**Your task**.
Give again, word for word, every line in the entries below from the line with "World map, Village screen and Castle screens" up to and including the line with "The amine-reactive Sulforhodamine", and no other line.

**Entries provided**.
___
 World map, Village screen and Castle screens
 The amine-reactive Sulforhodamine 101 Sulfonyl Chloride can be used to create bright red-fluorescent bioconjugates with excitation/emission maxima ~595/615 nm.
___
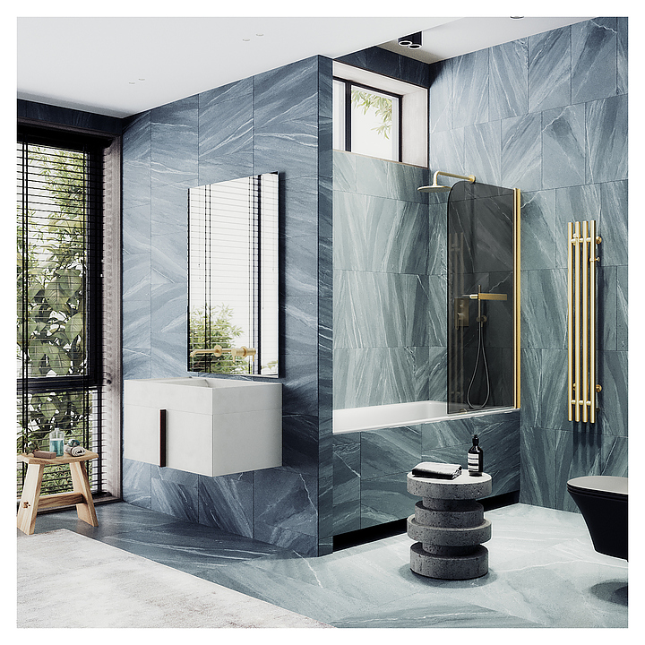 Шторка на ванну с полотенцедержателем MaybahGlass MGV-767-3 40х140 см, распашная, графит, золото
___
**Result of the exercise**.
 World map, Village screen and Castle screens
 The amine-reactive Sulforhodamine 101 Sulfonyl Chloride can be used to create bright red-fluorescent bioconjugates with excitation/emission maxima ~595/615 nm.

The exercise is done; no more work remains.